Extracciones en niños, adolescentes y adultos: diferencias importantes
En niños
El objetivo suele ser prevenir complicaciones futuras. A veces se extraen dientes de leche o se crea espacio para favorecer la erupción de dientes definitivos. No debe confundirse con extraer dientes permanentes sin una planificación completa.
En adolescentes
Es una etapa en la que todavía puede aprovecharse parte del crecimiento. Esto permite valorar alternativas de expansión, corrección de mordida y guía eruptiva. Si el apiñamiento es severo, también puede ser el momento adecuado para una extracción planificada.
En adultos
El crecimiento ya ha terminado y las encías tienen más peso en la decisión. El ortodoncista debe ser especialmente cuidadoso con los límites periodontales, las restauraciones, los implantes existentes y el estado general de la boca. En adultos, un plan conservador no siempre significa “no extraer”; significa no forzar movimientos que puedan dañar el soporte dental.

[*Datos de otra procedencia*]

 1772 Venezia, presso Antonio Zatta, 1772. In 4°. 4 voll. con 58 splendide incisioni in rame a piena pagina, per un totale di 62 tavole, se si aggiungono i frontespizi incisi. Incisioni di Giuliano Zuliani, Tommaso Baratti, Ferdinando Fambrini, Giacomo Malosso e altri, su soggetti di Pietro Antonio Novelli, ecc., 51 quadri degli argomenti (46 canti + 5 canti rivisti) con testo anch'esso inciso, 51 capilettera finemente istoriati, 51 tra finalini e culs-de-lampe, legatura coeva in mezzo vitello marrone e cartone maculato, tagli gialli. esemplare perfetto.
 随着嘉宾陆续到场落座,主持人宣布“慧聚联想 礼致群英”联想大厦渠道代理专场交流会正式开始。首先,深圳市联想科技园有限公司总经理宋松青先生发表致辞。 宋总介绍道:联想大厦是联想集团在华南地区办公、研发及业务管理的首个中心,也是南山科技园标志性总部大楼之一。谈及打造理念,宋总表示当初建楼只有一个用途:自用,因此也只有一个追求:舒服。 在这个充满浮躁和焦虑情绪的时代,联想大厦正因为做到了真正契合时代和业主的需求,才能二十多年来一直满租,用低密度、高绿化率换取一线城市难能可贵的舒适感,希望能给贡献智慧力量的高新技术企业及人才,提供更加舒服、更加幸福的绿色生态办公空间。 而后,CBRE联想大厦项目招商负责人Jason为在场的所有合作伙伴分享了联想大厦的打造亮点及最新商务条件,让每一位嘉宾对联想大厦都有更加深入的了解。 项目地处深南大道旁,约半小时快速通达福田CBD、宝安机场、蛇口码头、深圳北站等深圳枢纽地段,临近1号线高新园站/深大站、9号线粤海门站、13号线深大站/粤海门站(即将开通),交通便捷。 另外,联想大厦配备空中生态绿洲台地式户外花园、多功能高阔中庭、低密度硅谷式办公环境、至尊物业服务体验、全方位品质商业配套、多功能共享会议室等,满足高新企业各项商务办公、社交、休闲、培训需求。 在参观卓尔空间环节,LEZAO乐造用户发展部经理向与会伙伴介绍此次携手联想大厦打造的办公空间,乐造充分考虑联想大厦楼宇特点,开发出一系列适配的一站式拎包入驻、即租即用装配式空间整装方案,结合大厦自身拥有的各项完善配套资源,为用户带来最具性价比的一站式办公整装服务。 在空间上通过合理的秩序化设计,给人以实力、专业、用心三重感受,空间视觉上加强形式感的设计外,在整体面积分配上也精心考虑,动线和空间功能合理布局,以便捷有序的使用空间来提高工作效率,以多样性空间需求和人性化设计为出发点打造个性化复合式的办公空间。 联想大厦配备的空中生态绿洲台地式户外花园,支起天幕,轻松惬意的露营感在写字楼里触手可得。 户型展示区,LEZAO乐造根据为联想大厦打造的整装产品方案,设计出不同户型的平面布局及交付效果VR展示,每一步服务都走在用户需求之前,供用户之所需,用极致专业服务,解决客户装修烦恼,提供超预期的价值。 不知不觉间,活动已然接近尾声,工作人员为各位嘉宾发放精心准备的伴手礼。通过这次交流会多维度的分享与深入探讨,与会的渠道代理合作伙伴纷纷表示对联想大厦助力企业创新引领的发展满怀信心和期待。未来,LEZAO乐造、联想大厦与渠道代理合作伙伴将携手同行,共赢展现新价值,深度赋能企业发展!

Preguntas que conviene hacer antes de aceptar un plan con extracciones
- ¿Cuál es el motivo exacto de la extracción?
- ¿Qué pasaría si intentamos tratar el caso sin extraer?
- ¿Qué alternativas existen para ganar espacio?

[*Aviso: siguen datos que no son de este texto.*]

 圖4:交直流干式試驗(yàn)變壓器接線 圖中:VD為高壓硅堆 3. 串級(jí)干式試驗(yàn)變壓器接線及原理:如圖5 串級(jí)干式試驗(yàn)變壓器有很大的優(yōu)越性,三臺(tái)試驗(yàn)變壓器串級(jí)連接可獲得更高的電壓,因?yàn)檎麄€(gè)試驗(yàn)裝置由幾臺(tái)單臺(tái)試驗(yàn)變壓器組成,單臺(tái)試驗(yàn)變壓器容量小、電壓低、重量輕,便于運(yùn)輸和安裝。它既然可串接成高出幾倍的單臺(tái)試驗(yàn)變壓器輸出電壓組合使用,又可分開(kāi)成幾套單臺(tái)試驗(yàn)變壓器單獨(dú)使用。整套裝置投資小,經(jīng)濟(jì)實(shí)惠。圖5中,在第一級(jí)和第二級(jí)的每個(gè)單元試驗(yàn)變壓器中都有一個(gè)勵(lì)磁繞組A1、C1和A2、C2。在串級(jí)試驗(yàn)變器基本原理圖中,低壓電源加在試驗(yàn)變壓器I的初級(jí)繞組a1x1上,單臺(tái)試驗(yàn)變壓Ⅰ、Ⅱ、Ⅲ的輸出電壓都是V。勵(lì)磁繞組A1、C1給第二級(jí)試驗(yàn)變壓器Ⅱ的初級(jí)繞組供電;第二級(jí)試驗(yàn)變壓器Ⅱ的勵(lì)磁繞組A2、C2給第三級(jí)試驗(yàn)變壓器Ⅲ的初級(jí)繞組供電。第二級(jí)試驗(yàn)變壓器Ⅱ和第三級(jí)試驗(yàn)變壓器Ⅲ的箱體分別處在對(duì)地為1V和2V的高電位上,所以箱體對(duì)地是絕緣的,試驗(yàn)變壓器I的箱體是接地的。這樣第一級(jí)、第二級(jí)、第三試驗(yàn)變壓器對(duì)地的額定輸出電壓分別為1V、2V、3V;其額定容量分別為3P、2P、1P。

- ¿Cómo afectará al perfil facial y a la sonrisa?
- ¿Qué dientes se extraerían y por qué esos?
- ¿El tratamiento puede hacerse con alineadores, brackets o ambas opciones?
- ¿Cómo se cerrarán los espacios?
- ¿Qué tipo de retenedores serán necesarios al finalizar?
Estas preguntas no buscan desconfiar del tratamiento, sino entenderlo. Un buen plan debe poder explicarse con claridad.
Preguntas frecuentes sobre extracciones en ortodoncia
¿Siempre se extraen cuatro premolares?
¿Se quedan huecos visibles durante el tratamiento?
¿Se puede hacer ortodoncia con extracciones usando alineadores?
¿Extraer dientes debilita la boca?
¿Es mejor pedir una segunda opinión?
Conclusión: extraer o no extraer no es una decisión automática
Las extracciones en ortodoncia pueden generar dudas, pero no deben verse como un fracaso del tratamiento. En algunos casos son innecesarias y pueden evitarse con una buena planificación. En otros, son la opción que permite conseguir una mordida más estable, una sonrisa más armónica y una mejor salud periodontal.
La clave está en el diagnóstico. Antes de decidir, el ortodoncista debe estudiar el espacio disponible, la mordida, el perfil facial, las encías, la edad del paciente y la estabilidad futura del resultado.
Si te han dicho que necesitas extracciones para tu ortodoncia, no te quedes solo con la palabra “extracción”. Pregunta por el motivo, las alternativas y el resultado esperado. Entender el plan es el primer paso para tomar una buena decisión.